The 2015 outburst of the accretion-powered pulsar IGR J00291+5934: INTEGRAL and Swift observations

IGR J00291+5934 is the fastest-known accretion-powered X-ray pulsar, discovered during a transient outburst in 2004. In this paper, we report on Integral and Swift observations during the 2015 outburst, which lasts for $\sim25$ d. The source has not been observed in outburst since 2008, suggesting that the long-term accretion rate has decreased by a factor of two since discovery. The averaged broad-band (0.1 - 250 keV) persistent spectrum in 2015 is well described by a thermal Comptonization model with a column density of $N_{\rm H} \approx4\times10^{21}$ cm$^{-2}$, a plasma temperature of $kT_{\rm e} \approx50$ keV, and a Thomson optical depth of $\tau_{\rm T}\approx1$. Pulsations at the known spin period of the source are detected in the Integral data up to the $\sim150$ keV energy band. We also report on the discovery of the first thermonuclear burst observed from IGR J00291+5934, which lasts around 7 min and occurs at a persistent emission level corresponding to roughly $1.6\%$ of the Eddington accretion rate.

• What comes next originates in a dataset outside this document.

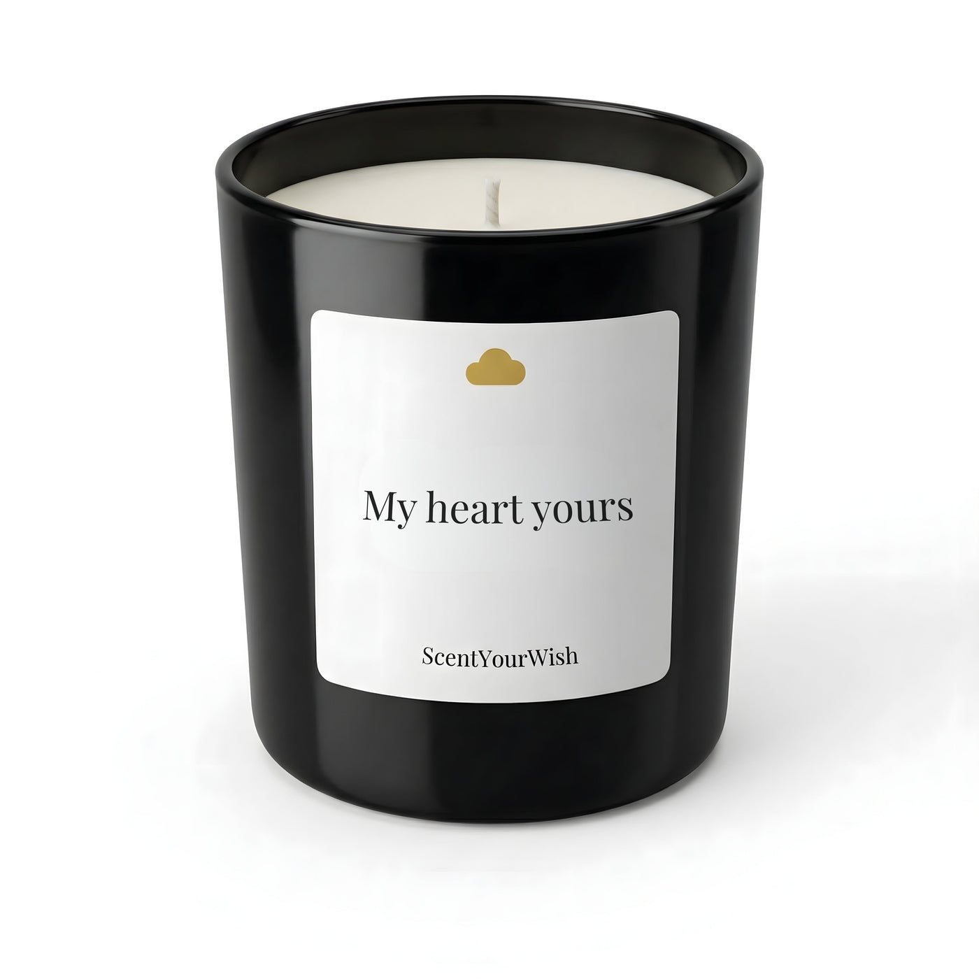 Geurkaars met tekst ""My heart yours"". Warme boodschap om sfeer en gezelligheid te brengen.

The properties of the burst suggest it is powered primarily by helium ignited at a depth of $y_{\rm ign}\approx1.5\times10^9$ g cm$^{-2}$ following the exhaustion by steady burning of the accreted hydrogen. The Swift/BAT data from the first $\sim20$ s of the burst provide indications of a photospheric radius expansion phase. Assuming this is the case, we infer a source distance of $d = 4.2 \pm 0.3$ kpc.